Location
- 2 Chōme, Izumichō, Kokubunji, Tokyo Japan

Information
- School type: National
- Opened: 1961
- Founder: Japanese National Railways
- Closed: 1987
- Teaching staff: Professors from the University of Tokyo and Hitotsubashi University

= Japanese Central Railway School =

Japanese Central Railway School (中央鉄道学園, Chūō Tetsudō Gakuen) was a Japanese National Railways educational institution in Kokubunji, Tokyo.

== Overview ==
The school was not recognised as a university or college by the Ministry of Education, Science, Sports and Culture, even though Shinji Sogō, the 4th president of JNR, made serious efforts to raise the school to the status of "JNR University" so that its students could be university graduates. Professors from the University of Tokyo, Hitotsubashi University, and others were employed as part-time teaching staff. It was said that the school provided the equivalent of a university education under Sogō's administration.

Courses of study could last anywhere from a few days to three years, covering subjects such as train operation, train inspections and track maintenance. At its peak, it had more than 1000 students.
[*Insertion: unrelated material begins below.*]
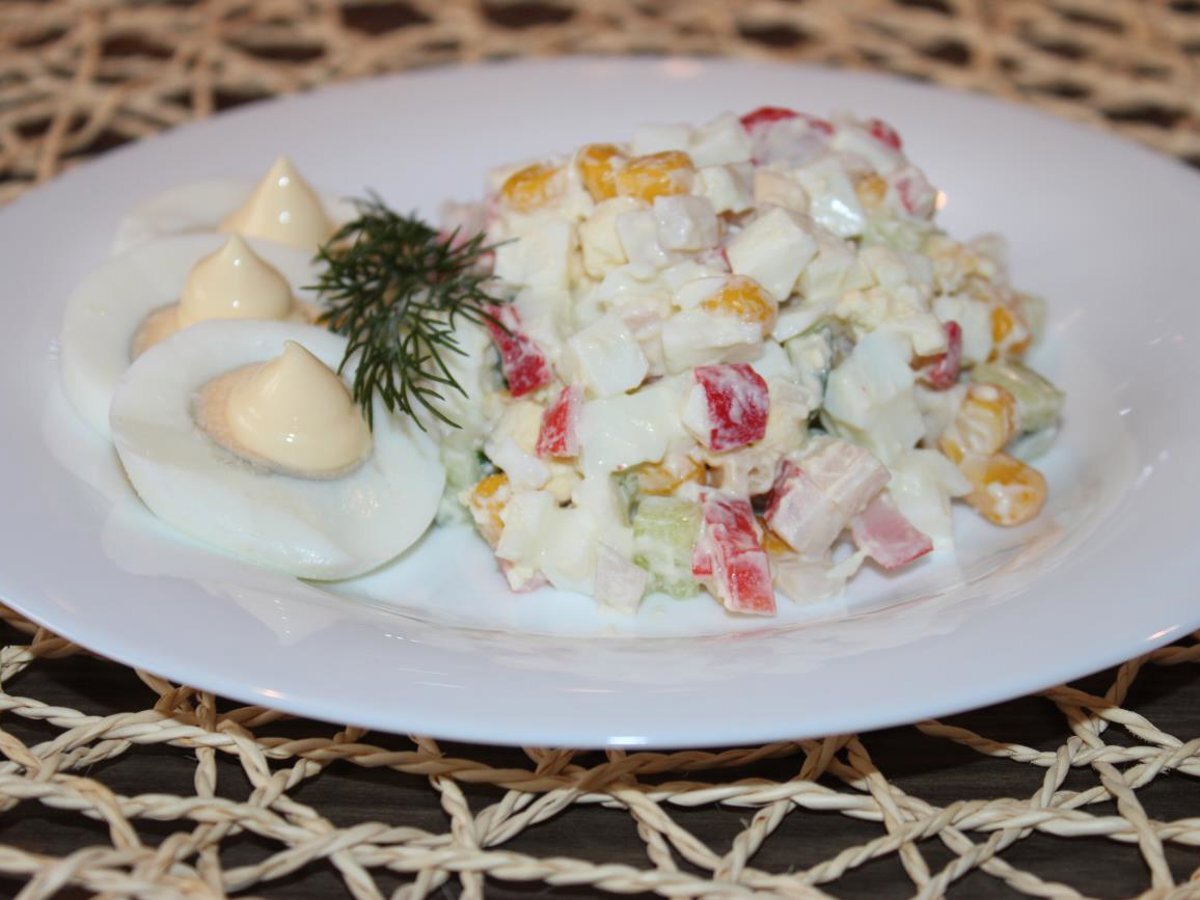 Крабовые палочки в нашей стране очень популярны, хотя в их составе отсутствует краб. Но это все равно не делает салат менее любимым среди россиян!
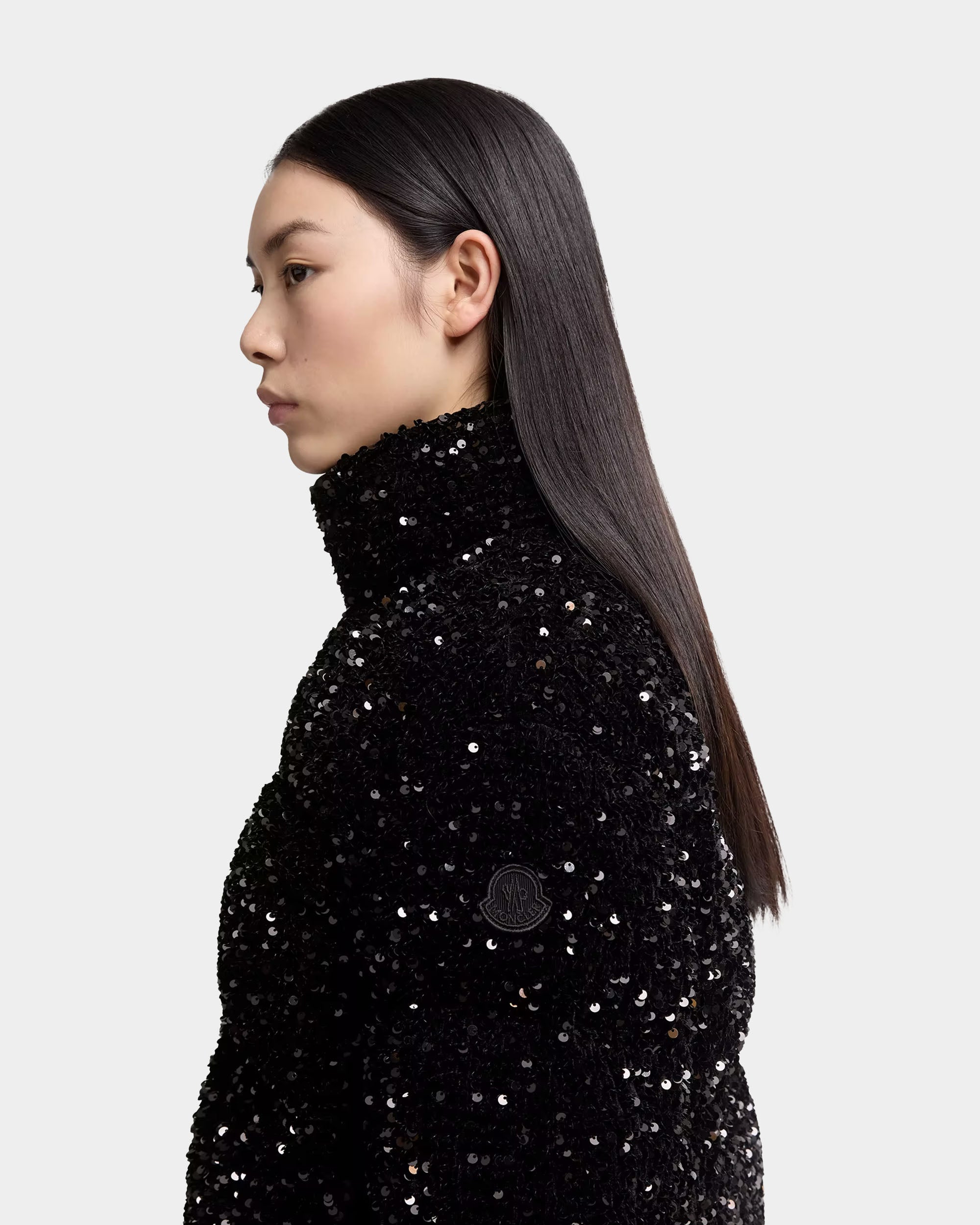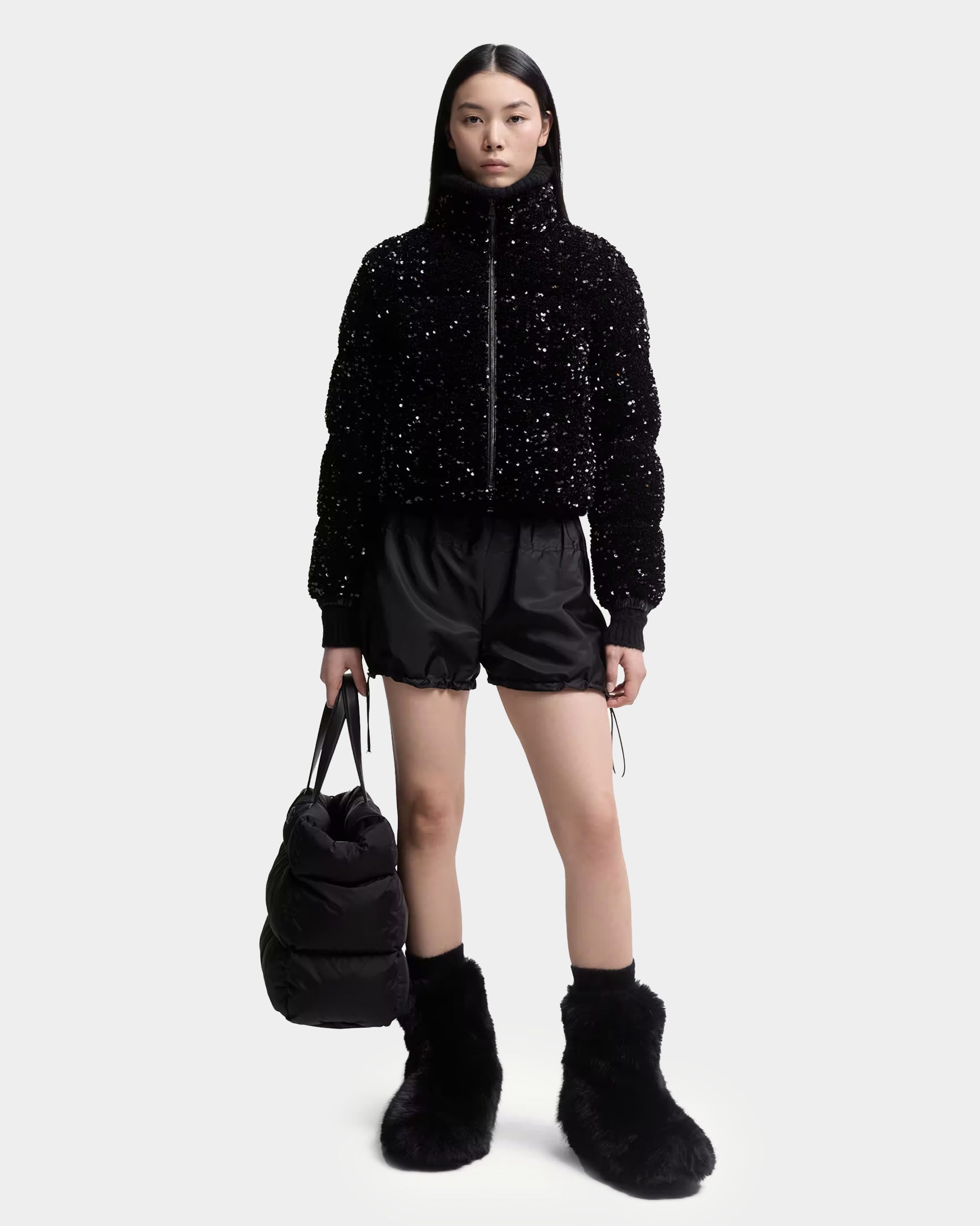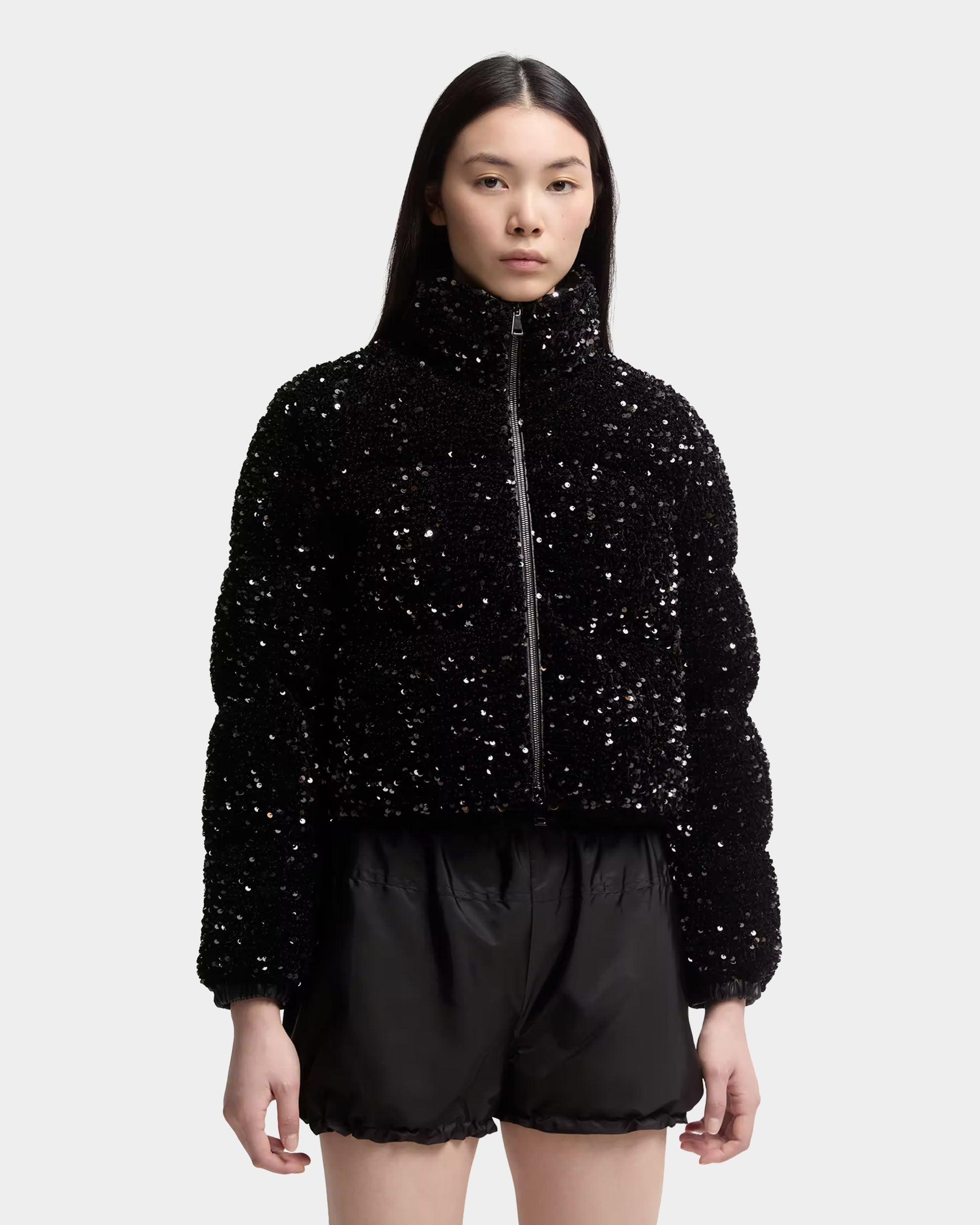 Louvi女士短身羽絨外套繡有閃閃發光的亮片,巧妙運用光線反射營造閃耀魅力。Louvi 短身羽絨外套高雅演繹外套,飾有亮片。這款引人注目的單品日夜皆宜,精緻質地提升寒季造型的格調。

It was the place for training new staff members, retraining employees who were changing roles or positions, and educating the work force on new policies or equipment.

The school was closed due to the privatization and division of Japan National Railways in 1987. Another building now occupies the site, but some parts of the earlier structure are preserved as "the remains of Tōsandō Musashimichi".